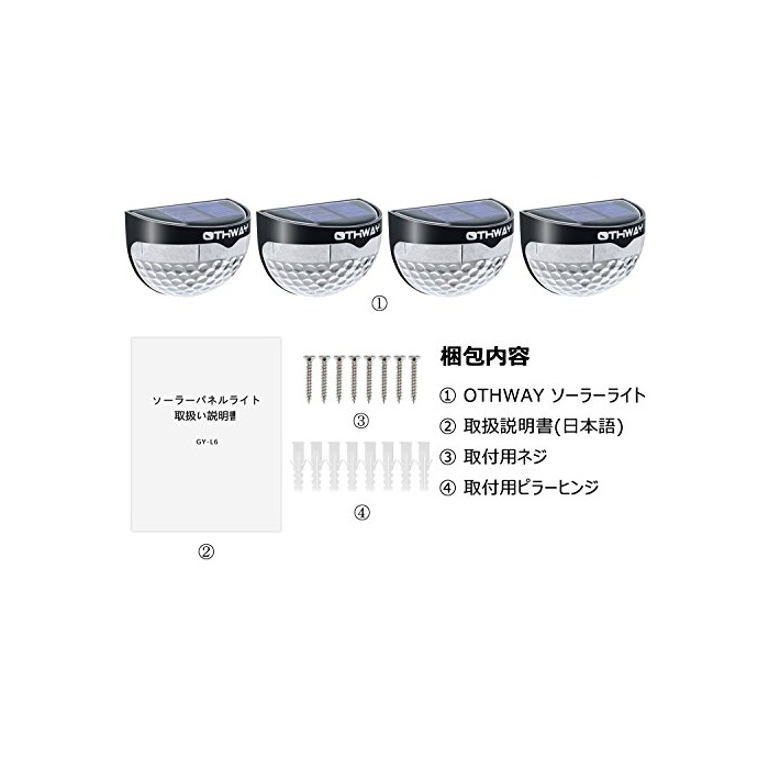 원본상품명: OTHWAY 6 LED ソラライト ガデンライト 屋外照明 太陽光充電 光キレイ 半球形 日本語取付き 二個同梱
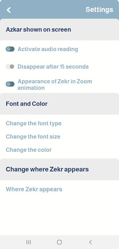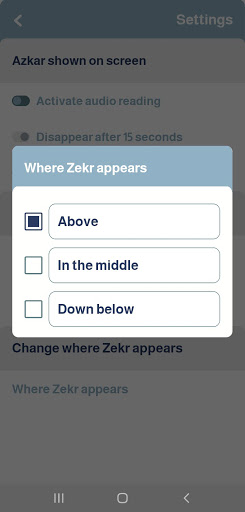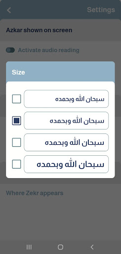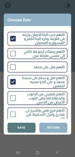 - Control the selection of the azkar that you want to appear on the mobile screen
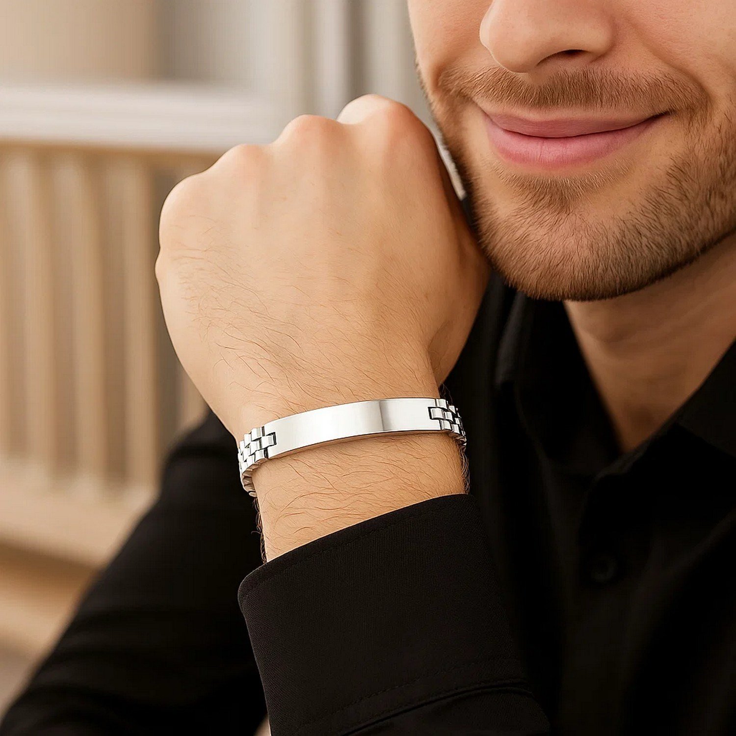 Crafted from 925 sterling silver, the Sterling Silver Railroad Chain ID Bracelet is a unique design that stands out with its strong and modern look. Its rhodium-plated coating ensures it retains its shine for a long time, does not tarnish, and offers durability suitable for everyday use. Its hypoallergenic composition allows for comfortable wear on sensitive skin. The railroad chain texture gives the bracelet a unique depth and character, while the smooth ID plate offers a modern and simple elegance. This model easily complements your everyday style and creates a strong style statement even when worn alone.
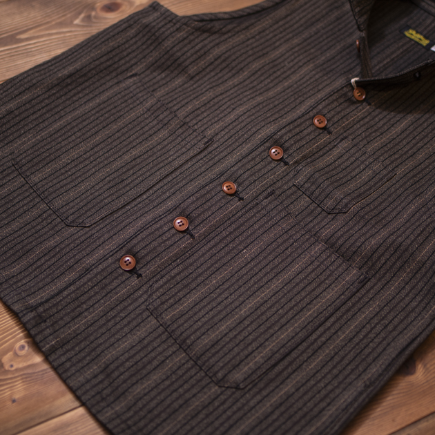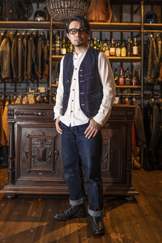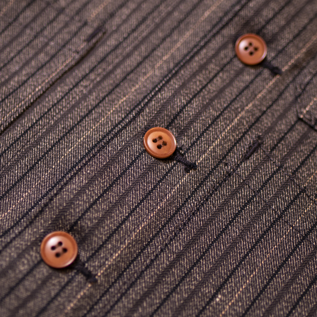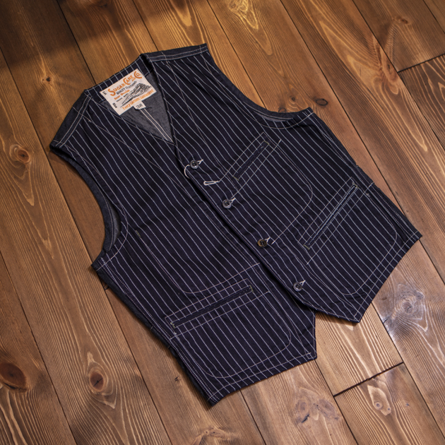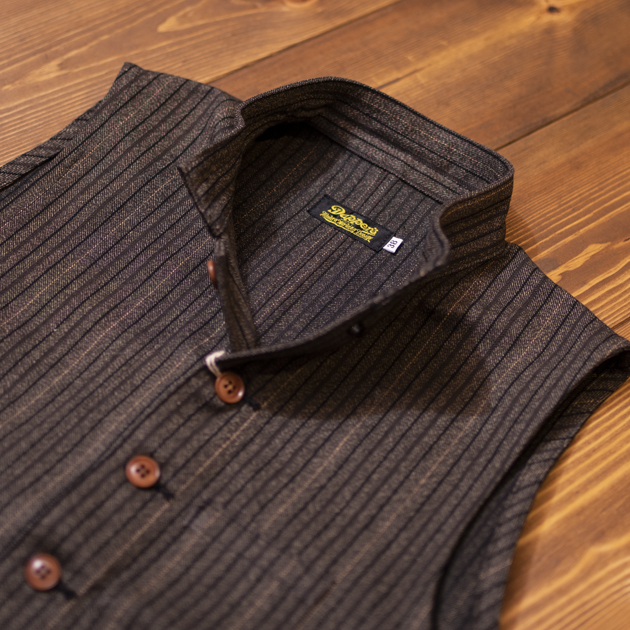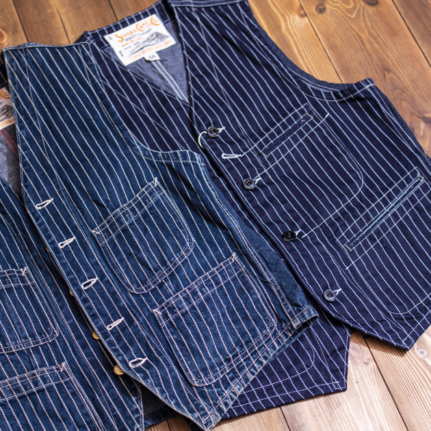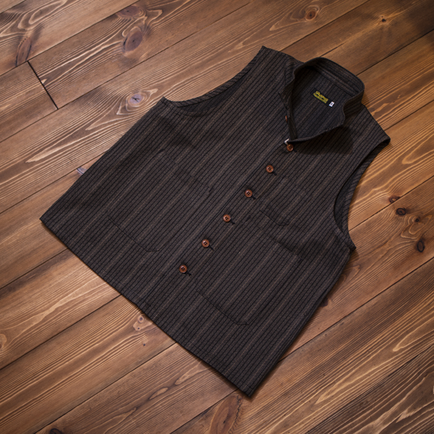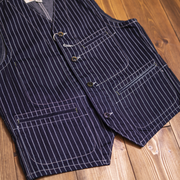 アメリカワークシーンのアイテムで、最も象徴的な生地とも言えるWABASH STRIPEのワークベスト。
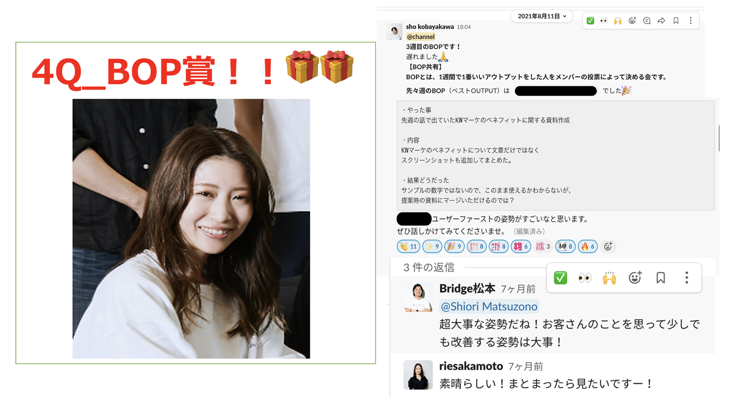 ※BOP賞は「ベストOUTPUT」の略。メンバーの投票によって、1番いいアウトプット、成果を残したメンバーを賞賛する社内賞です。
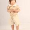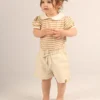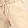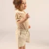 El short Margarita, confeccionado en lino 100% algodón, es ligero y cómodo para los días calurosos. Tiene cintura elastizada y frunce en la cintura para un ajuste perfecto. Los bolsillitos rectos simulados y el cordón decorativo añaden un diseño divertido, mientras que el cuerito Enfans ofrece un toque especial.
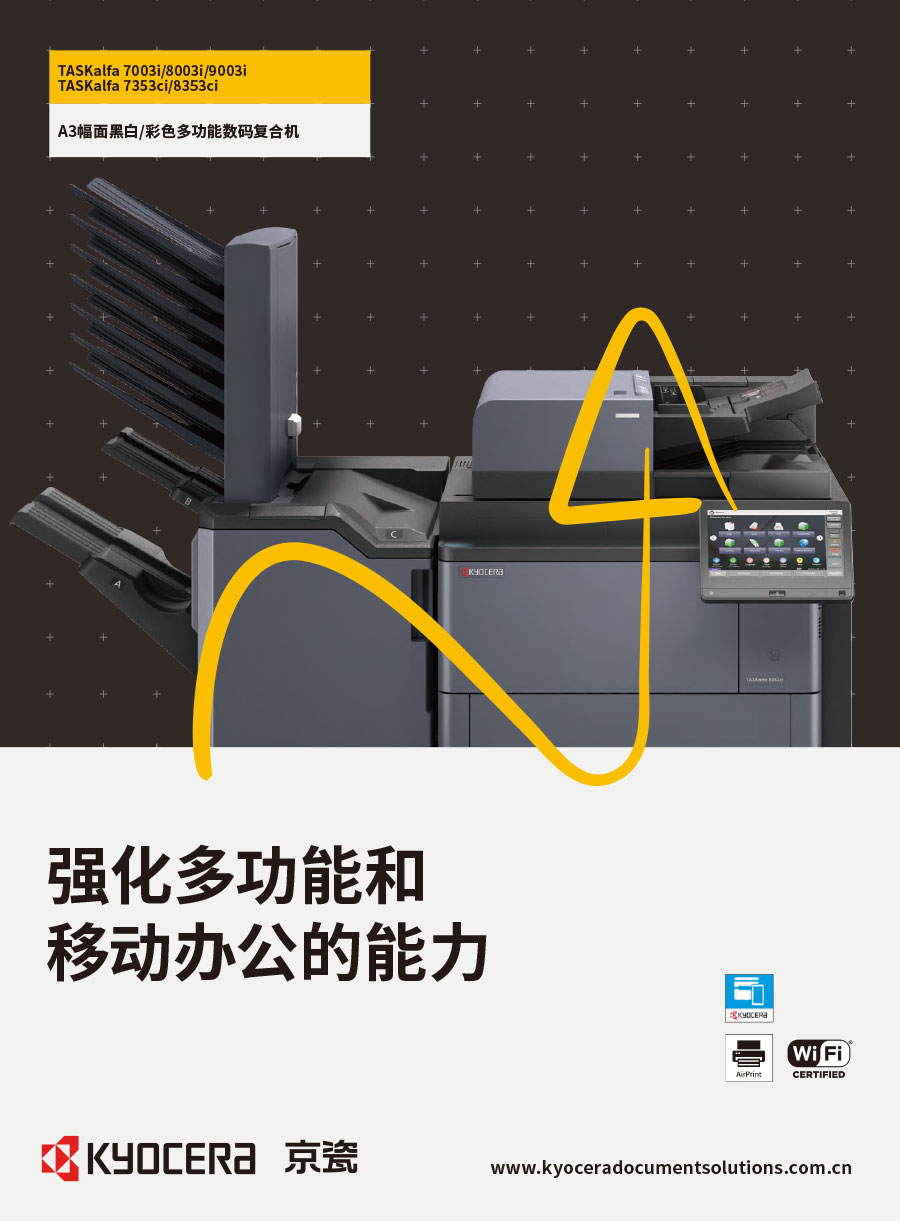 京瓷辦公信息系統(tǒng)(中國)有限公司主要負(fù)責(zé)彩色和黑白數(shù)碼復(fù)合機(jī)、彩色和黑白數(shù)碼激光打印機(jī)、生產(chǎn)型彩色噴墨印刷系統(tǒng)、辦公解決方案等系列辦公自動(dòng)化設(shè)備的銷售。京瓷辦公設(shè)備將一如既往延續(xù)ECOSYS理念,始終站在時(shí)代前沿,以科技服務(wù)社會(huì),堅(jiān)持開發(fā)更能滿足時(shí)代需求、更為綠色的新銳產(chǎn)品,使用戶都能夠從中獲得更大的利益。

□ □ □

■ What is required
If a line falls between the first line of the records above and the line containing "- Control the", inclusive, retype it exactly; leave pictures out.

■ Exercise answer
 원본상품명: OTHWAY 6 LED ソラライト ガデンライト 屋外照明 太陽光充電 光キレイ 半球形 日本語取付き 二個同梱
 - Control the selection of the azkar that you want to appear on the mobile screen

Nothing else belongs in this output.